De très nombreuses mesures ont des incidences budgétaires. Le gouvernement fédéral a reporté le retour à l’équilibre budgétaire à 2018 ou 2019 au motif que nous ne pouvons pas saper la croissance économique. Nous l’avons déjà dit précédemment : que l’équilibre soit atteint en 2018 ou plus tard n’est d’aucune importance du point de vue économique. Il suffit que la trajectoire soit concrétisée de manière crédible sur la base de réformes structurelles, notamment dans le domaine des pensions. Toutefois, nous n’entendons plus beaucoup parler de la refonte de l’appareil public, ou autrement dit, d’économies axées sur un fonctionnement plus efficace des services publics. Ainsi la Banque nationale indique-t-elle dans une étude récente que les pouvoirs publics belges sont très coûteux, alors qu’ils n’offrent qu’une qualité médiocre. Il doit être possible d’offrir un même niveau de qualité avec moins de moyens. En outre, les économies dans les processus de fonctionnement de la sécurité sociale ne doivent plus être un tabou. Des gains d’efficacité de 1 à 2% sur un budget de 80 milliards EUR sont-ils à ce point inconcevables ? Une économie structurelle de 0,8 à 1,5 milliard EUR serait ainsi rapidement réalisée.

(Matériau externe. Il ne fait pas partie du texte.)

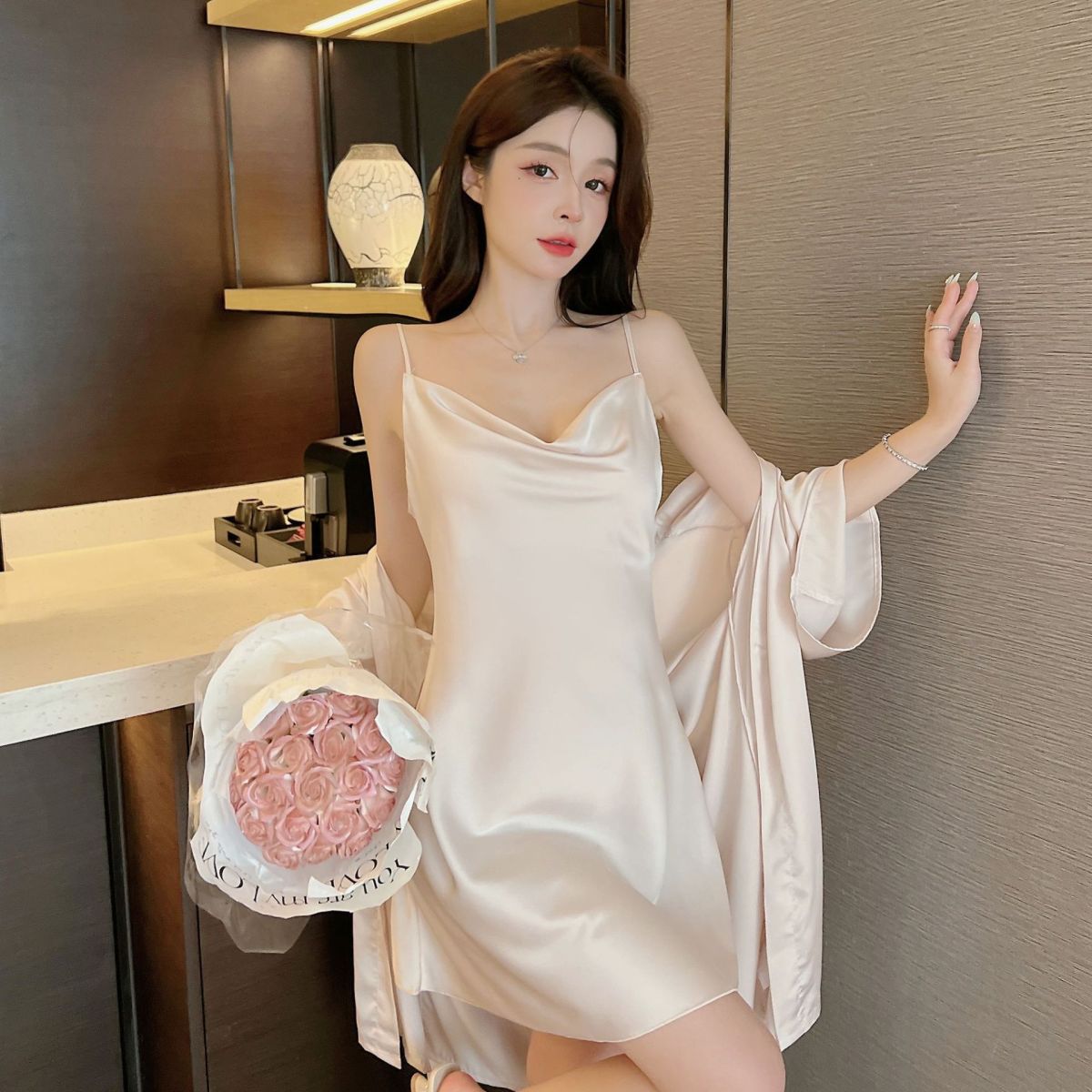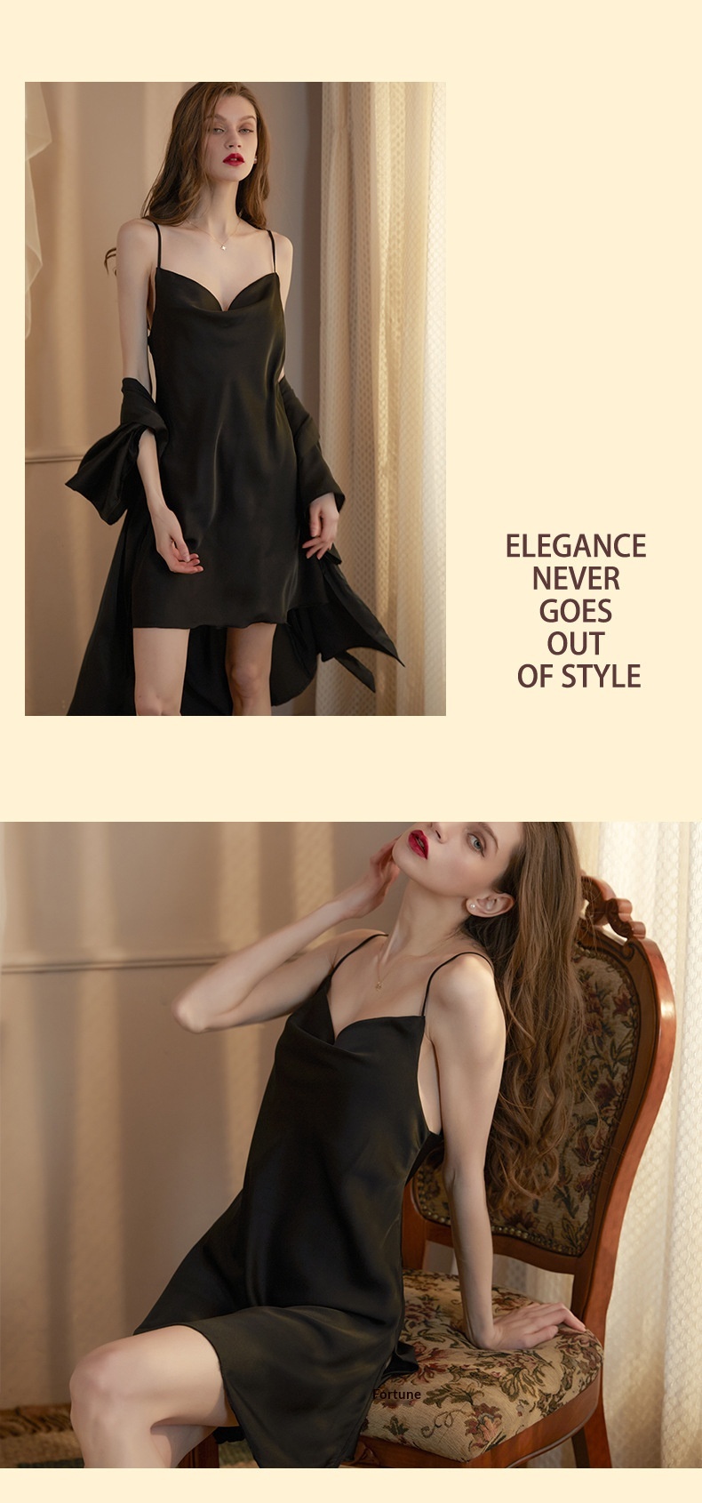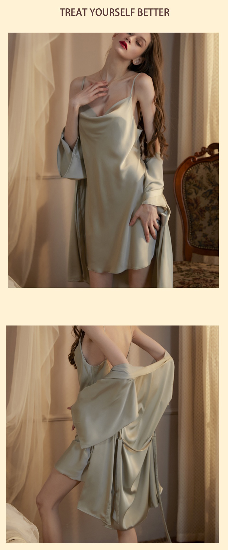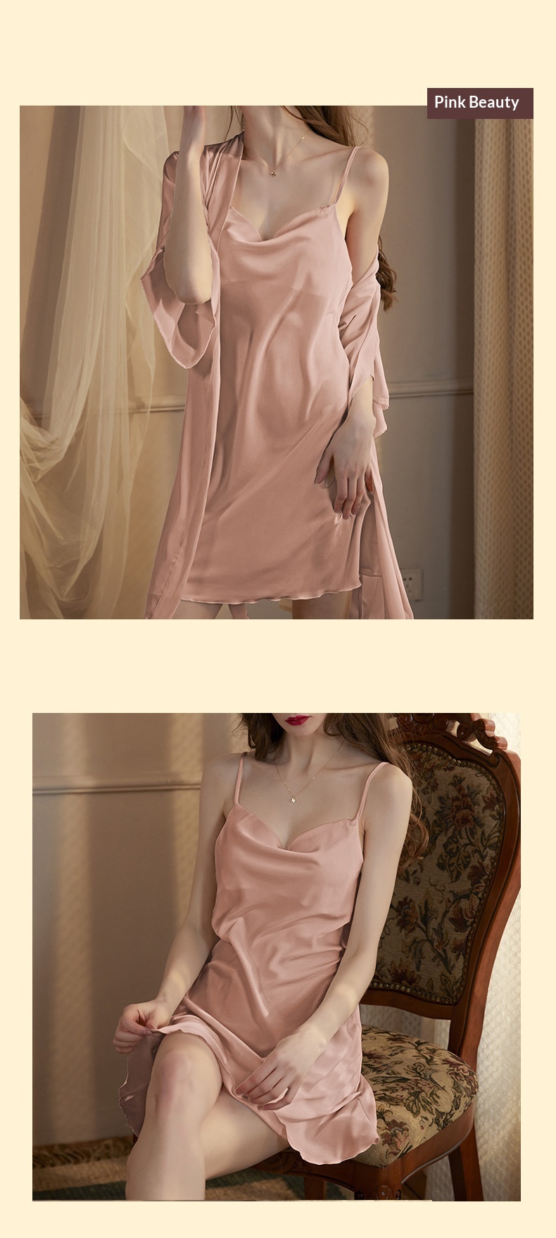 Colors: Champagne [2-piece set], Dark Green [2-piece set], Wine Red [2-piece set], Black [2-piece set], Pea Green [2-piece set], Off-White [2-piece set], Bean Paste Pink [2-piece set]
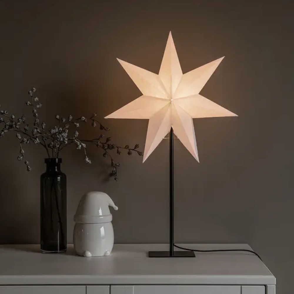 Advent star in white with 7 points on metal base. 2.4 meter connection cable with cord switch. E14 socket (light source not included).
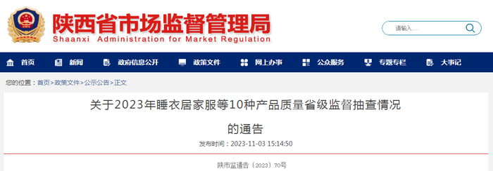 陕西省市场监管局通报2023年睡衣居家服等10种产品质量省级监督抽查情况
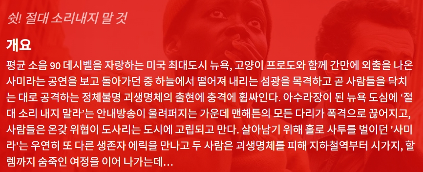 movie 영화 콰이어트 플레이스 첫째 콰이어트 플레이스- 첫째 날 "쉿! 절대 소리내지 말 것" person gg*** calendar_today 2026.04.17 visibility 5,041 다운로드 1개 파일 folder_zip 콰이어트 플레이스- 첫째 날.mkv 1.2 GB download
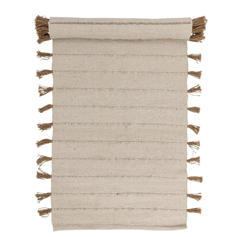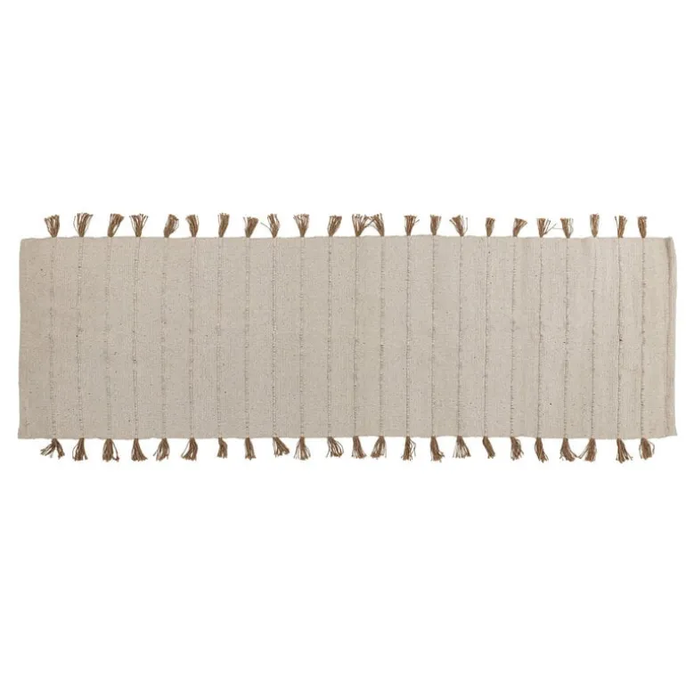 Het Bloomingville Avino vloerkleed is gemaakt van katoen en jute. Het vloerkleed heeft een eenvoudig ontwerp in ingetogen kleuren, met bruine franjes langs de zijkanten. Afmeting 245x75cm
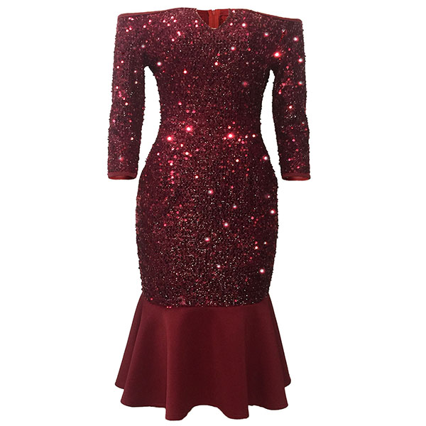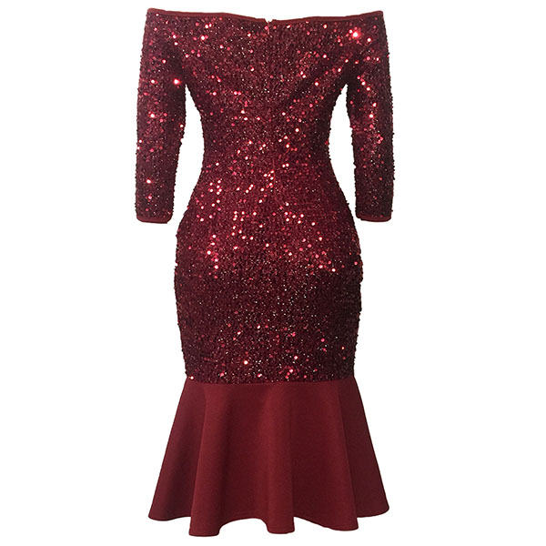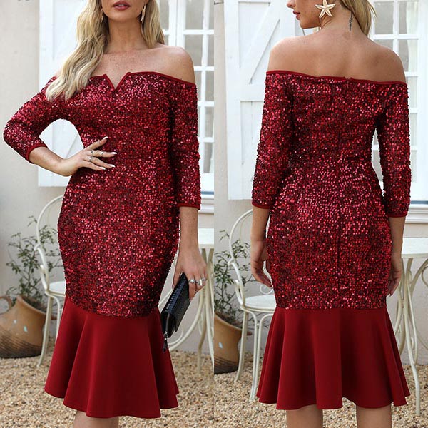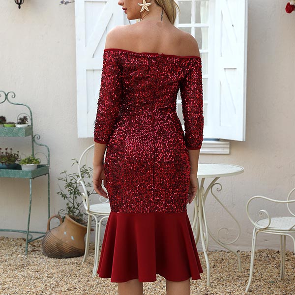 Sexy Off-shoulder Boat Neck Fishtail Hem Slim Fit Sequin Dress
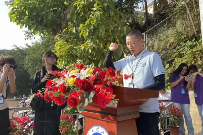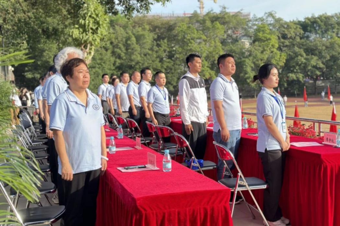 裁判员代表熊源老师在台上进行庄严宣誓,他代表全体裁判员承诺:将服从指挥、遵守规则、公正裁判,并预祝此次校运会取得圆满成功。随后,常务副董事长伏焕宣布太阳成集团tyc151cc2024年白云校区田径运动会开幕。
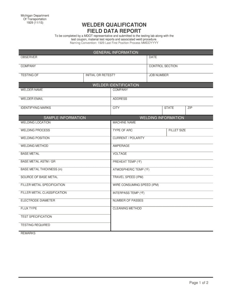 Michigan Department Of Transportation 1929 11 15) WELDER QUALIFICATION FIELD DATA REPORT To be completed by a DOT representative and submitted to the testing lab along with the test coupon, material
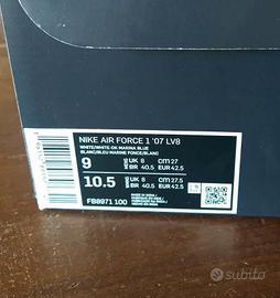 Vendo un paio di Nike Air Force 1 '07 LV8 in colorazione giallo senape con dettagli grigi, misura EUR42,5 (UK8 – CM27) – perfettamente compatibile con uomo o donna. Acquistate nuove e usate pochissimo: si notano solo minimi segni di utilizzo sulla suola come evidenziato nelle foto.
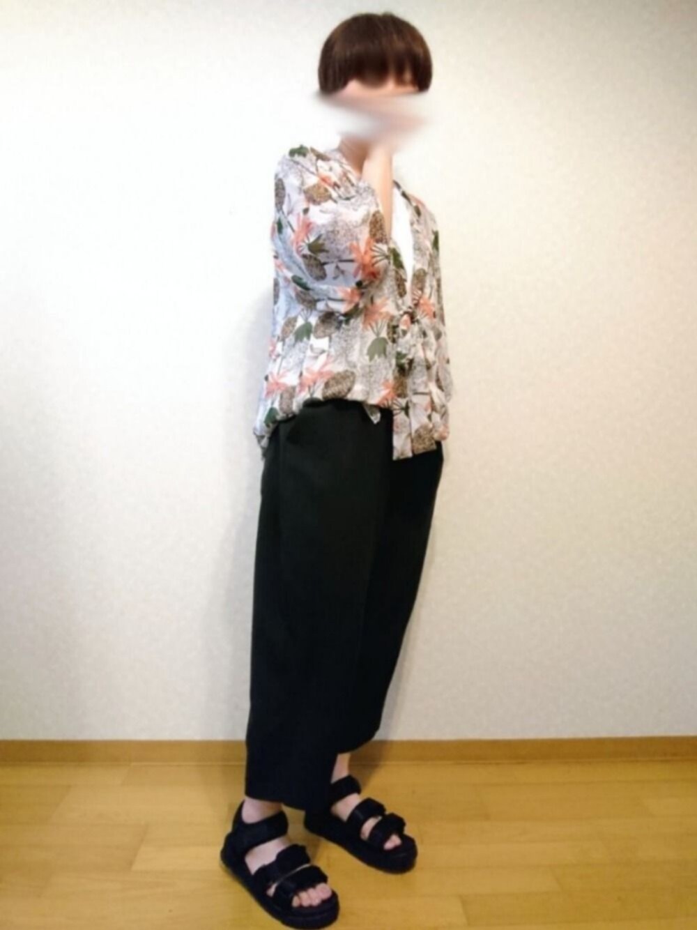 薄いカーディガンは タックイン できていいです。 柄シャツみたいで 好きかも✨ 花柄でもヘルシー(?)というか 主張が 強すぎないので 着やすい コレ🍏
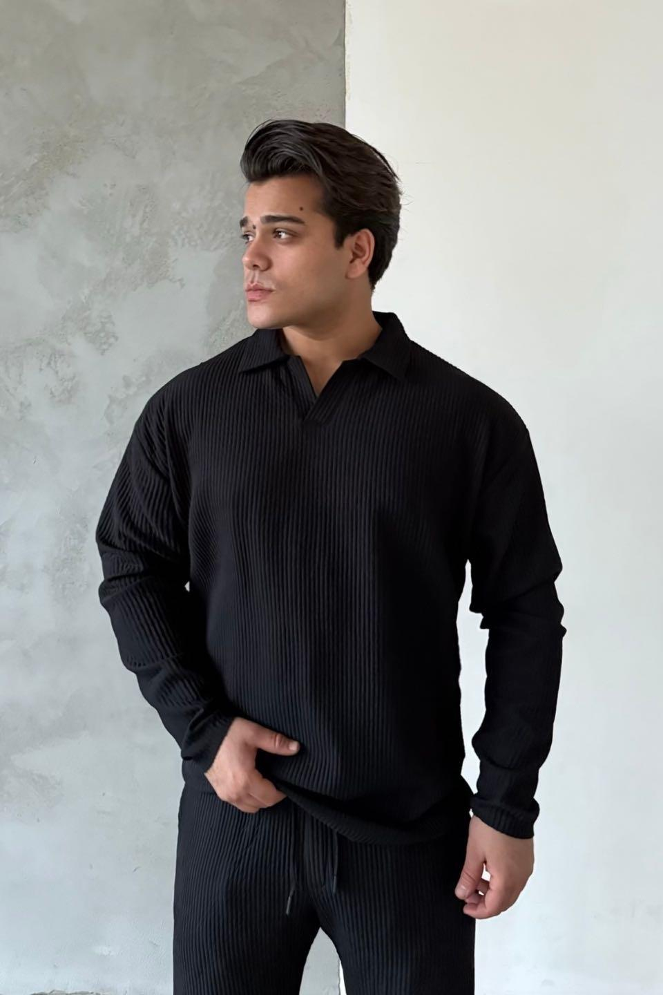 Siyah Ottoman Kumaş Fitilli Polo Yaka Triko
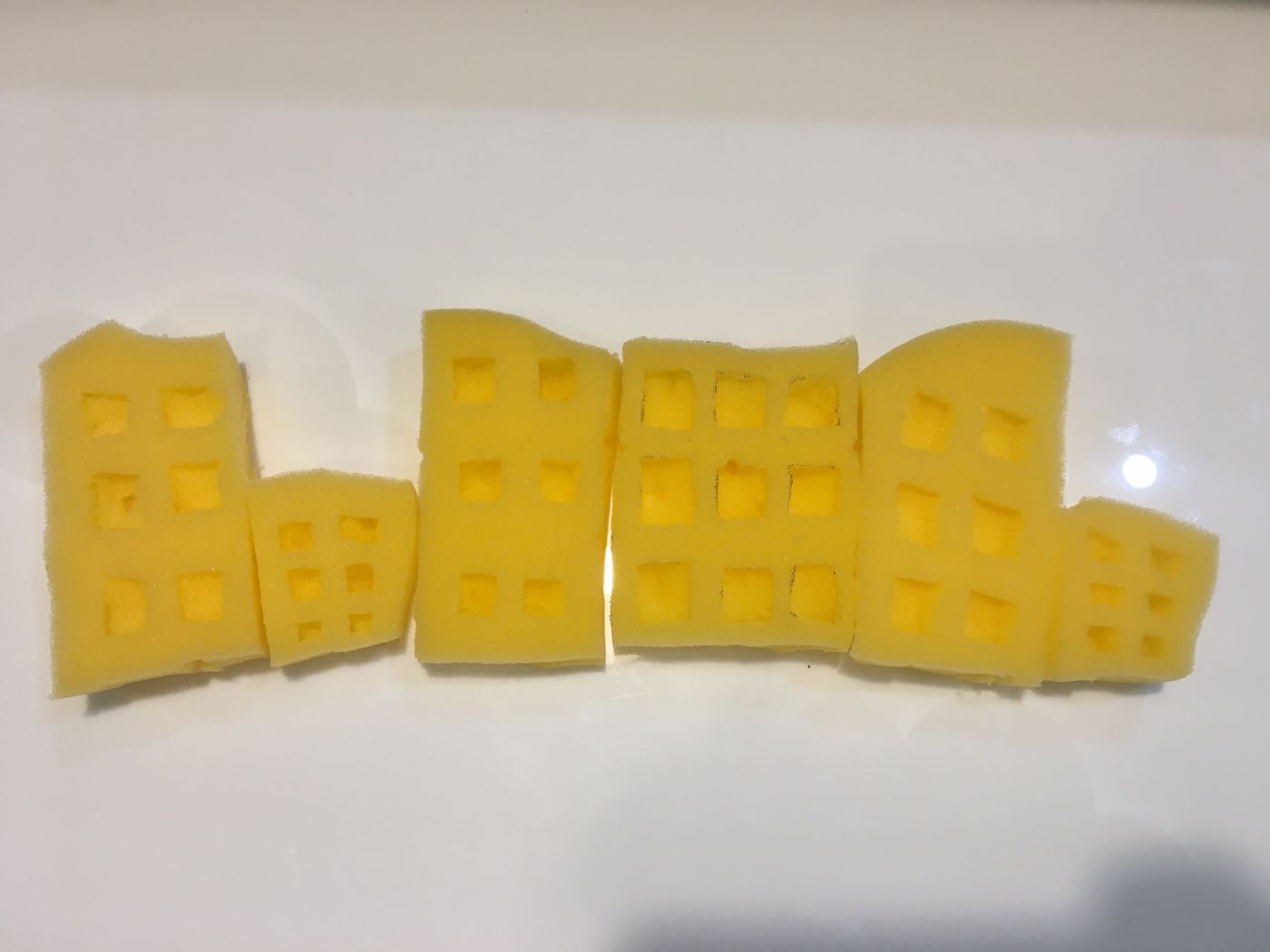 โดยฉันมีหน้าที่มานั่งตัดฟองน้ำให้เป็นรูปทรงตึก ตัดเป็นช่องหน้าต่าง
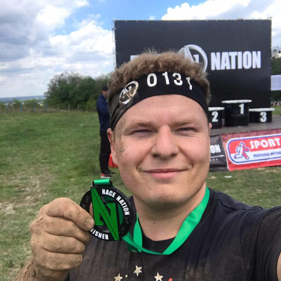 Игорь показывает медаль, которую выдают участникам "Гонки наций" после финиша, фото: facebook.com
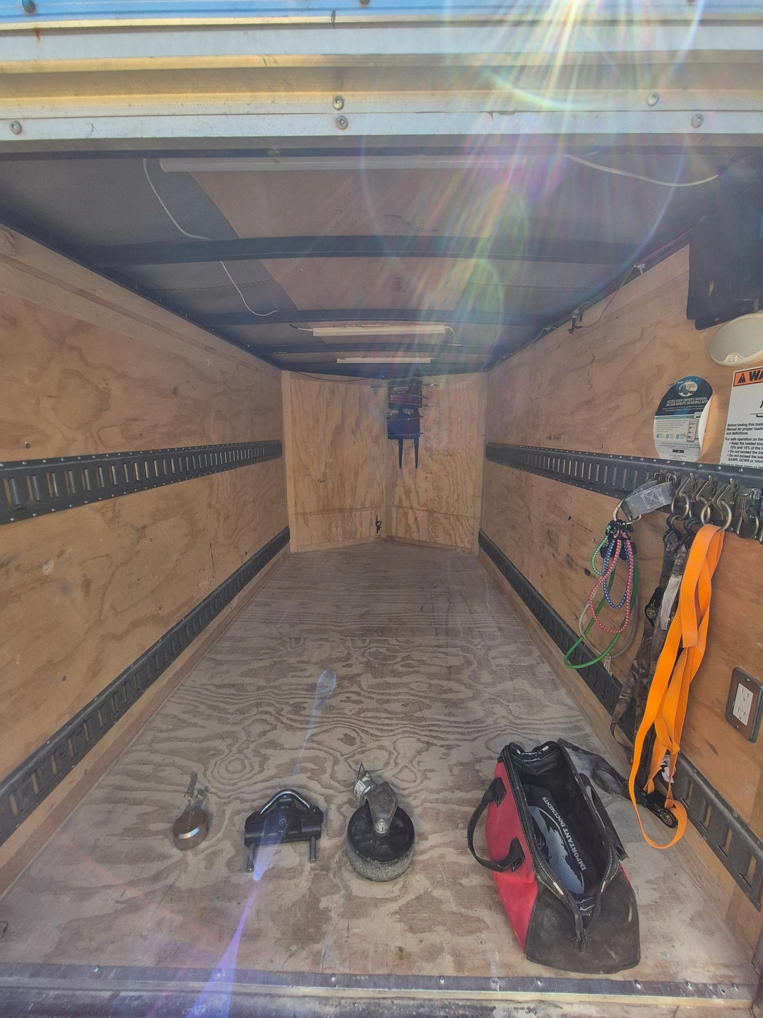 Selling a great 5x8 enclosed trailer with v-nose and lots of upgrades and well taken care of. #Full electrical system, with: 4x small solar panels on the roof 2x battery system for longer duration 2x USB output 1x 120V outlet (150w) 4x LED bright lights #Other upgrades: Stabilizers - Rear foldable support stands/legs for extra parking support and work Camera system with car mirror screen (included) Side rails with E-Track system, with hooks and belts included Trimax Trailer coupler/ball lock Heavy duty Door lock Caster wheel for easy moving

Le Premier ministre ne dévoile pas ses cartes. Lorsqu’il les aura abattues sur la table, nous les analyserons en profondeur avec la FEB sur la base des critères précités. Mais nous espérons d’ores et déjà que sur les ‘99 Luftballons’, seuls les bons seront lâchés. Dès que nous aurons une vision claire des mesures gouvernementales, nous ne manquerons pas de faire le point à leur sujet pour vous.

Enfin, j’aimerais profiter de cette newsletter pour souhaiter à vous tous, entrepreneurs, de bonnes vacances bien méritées. Au cours de l’année écoulée, vous avez contribué à offrir un emploi à des dizaines de milliers de personnes et à transformer ainsi la force de travail en pouvoir d’achat. Après les congés, vous allez certainement poursuivre sur cette lancée. Cela mérite le respect de tous.